The empty streets and eerie silence in Sao Paulo said it all. Forty-five minutes were gone and Brazil was already in mourning. But at the hotel cafeteria, there were loud cheers and beers were flowing as if there was no tomorrow. You do not have to be a rocket scientist to understand who they were.

The Argentine fans, who came in droves to see their favourite team play the Dutch here on Wednesday, were celebrating Brazil’s humiliation. And after the final whistle, there were hugs and songs. Outside, some were making fun of crestfallen Brazilians. A couple of young ones, upset by all the taunts thrown at them by the Argentine fans, tried to give them back by hurling choicest expletives. But theirs got drowned amidst the roar from the boisterous fans of Lionel Messi.

At the restaurant there was the same mood of heartbreak and dejection. Nobody was ready to talk about this match… About Tuesday.

But the mood was very upbeat before the match, despite the absence of Neymar and Thigao Silva. At the immigration counter of the Guarulhos International Airport there was a buzz. Such was the eagerness of the official to catch the match from the kick-off that she forgot to sign the immigration document. “Match,” she said with a sheepish smile.

And at the currency exchange counter the man was oblivious of the long queue that waited patiently and sang the national anthem along with David Luiz and Julio Cesars.
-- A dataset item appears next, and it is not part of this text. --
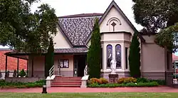 There are a number of places of worship in Summer Hill. St Patrick's Catholic Church was built in 1874, and is the oldest known building in the suburb. There is also a small primary school associated with the church and located next to it. The building was originally a private home known as Kelvin Grove, and owned by Mrs Jane Drynan. Much of the exterior of the church is original but none of the internal walls were retained when the building was converted into a church. Following Drynan's death, Kelvin Grove was owned or leased by a succession of different people, including the Haberfield real-estate developer Richard Stanton, Croydon brick-maker William Downton, and two sisters named Freeman (one of whom was a nurse). In the 1920s and 1930s Kelvin Grove may have been used as a nursing home. The first mass was celebrated in Kelvin Grove on St Patrick's day 1946, giving the church its name.[6]
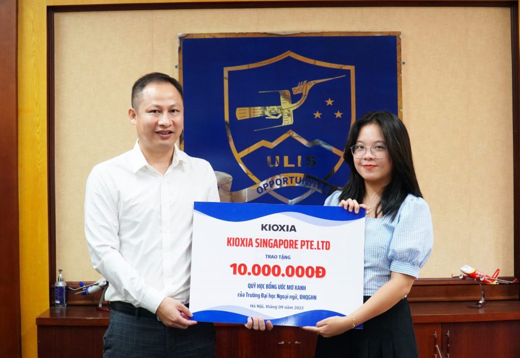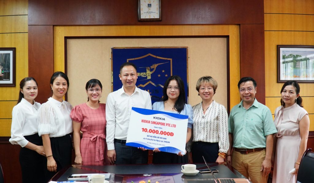Nhân dịp này, đại diện KIOXIA đã trao tặng 10 triệu đồng cho Quỹ học bổng Ước mơ Xanh của Nhà trường.

Little did he know then what was in store for him and his favourite team in the next 30 minutes.

As the evening gave way to night, a posse of policemen was deployed near the Ibis hotel. But the fans did not go violent. There were tears of a broken dream…

The Sao Paulo Fan Fest area though had a different picture. Fans vented their ire, they broke chairs, smashed screens… As they say in Brazil, it was quebra-quebra — the term for vandalism.
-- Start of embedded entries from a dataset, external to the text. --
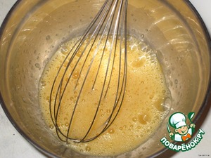 Для теста яйца немного взбить с солью и сахаром. Взбивать не очень сильно, до появления нескольких пузырьков.
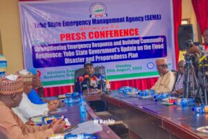 An bayyana hakan ne yayin wani taron manema labarai da aka gudanar a ranar Litinin mai taken: “Amsar Agajin Gaggawa da Gina Juriyar Al’umma: Sabuntawar Gwamnatin Jihar Yobe kan Shirye-shiryen Tattalin Arziki da Bala’in Ambaliyar.”
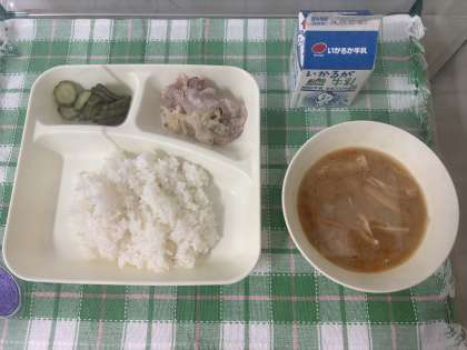 ※鶏肉の塩こうじ焼き ※さつまいものみそ汁 ※きゅうりの甘酢あえ ※ごはん ※牛乳
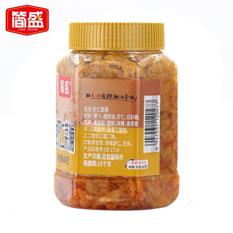 简盛潮汕正宗虾仁菜脯400g大瓶装咸菜下饭菜橄榄菜汕头老牌酱菜
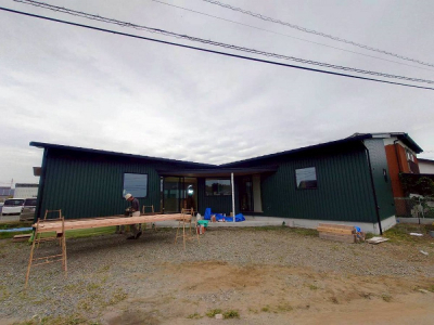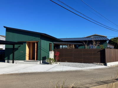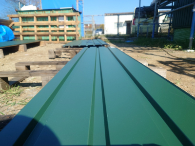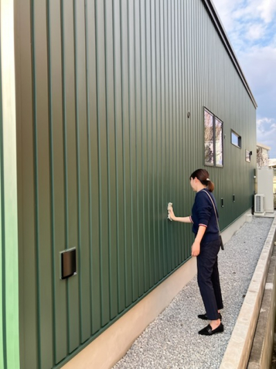 仕上げ材は緑色の角波でマットな質感のガルバリウム鋼板です。
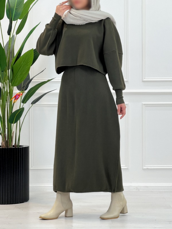 این لباس از **بافت درجهیک و گرم** تهیه شده که بسیار لطیف، بادوام و مناسب فصل پاییز و زمستان است. **کراپ با مدل یقه گرد و سرشانه افتاده** طراحی شده که ظاهری اسپرت و مدرن دارد. دور یقه و مچ آستین کراپ بهصورت **راهراه** است که به جذابیت آن افزوده و حالت اسپرت و متفاوتی به آن داده است.

On television, Ronaldo, the phenomenon, was dissecting the phenomenal loss. The infectious smile was gone, the buck-toothed legend’s face was sombre…. Whether you understand Portuguese or not, you can understand that this man was searching for words. May be he will continue to in many years to come.

As Juninho Permanbacano said on television during a panel discussion, “shattering… this will haunt me till death.” The television screen kept on showing a teary David Luiz bidding adieu to fans… Mueller and Kroos celebrating the biggest German victory…
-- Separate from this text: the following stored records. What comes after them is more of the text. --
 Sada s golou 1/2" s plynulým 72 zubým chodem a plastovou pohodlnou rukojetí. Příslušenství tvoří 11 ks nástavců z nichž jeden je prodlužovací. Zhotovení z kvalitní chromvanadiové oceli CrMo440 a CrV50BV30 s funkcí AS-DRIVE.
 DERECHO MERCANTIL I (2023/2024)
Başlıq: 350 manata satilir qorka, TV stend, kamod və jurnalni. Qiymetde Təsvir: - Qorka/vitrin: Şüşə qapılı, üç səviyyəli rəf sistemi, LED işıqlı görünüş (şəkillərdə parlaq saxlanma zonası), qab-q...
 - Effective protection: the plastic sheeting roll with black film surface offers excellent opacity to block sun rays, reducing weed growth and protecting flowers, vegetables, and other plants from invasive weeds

A tournament which was supposed to exorcise the ghost of Maracanazo when Brazil lost the 1950 World Cup final to Uruguay turned out to be the Mineiraco. The 1-7 humiliation is something the young generation will have to live with probably till death. This is something nobody envisaged.

Wednesday morning was gloomy in every sense. Probably the gloomiest morning this beautiful city has ever seen. Draped in thick cloud, the city woke up to that sinking feeling. The feeling of losing something dear to your heart… The agony of the heaviest defeat in their World Cup history…

Wednesday is a regional holiday here for the July 9 1932’s Constitutionalist Revolution. But when the nation is mourning, there’s no mood for a holiday.

By the way, one Moacir Barbosa, the goalkeeper who made Brazil cry on that sad 1950 World Cup final, can rest in peace now. Maracanazo is passé. It’s all about Mineiraco now… The shame of Mineirao.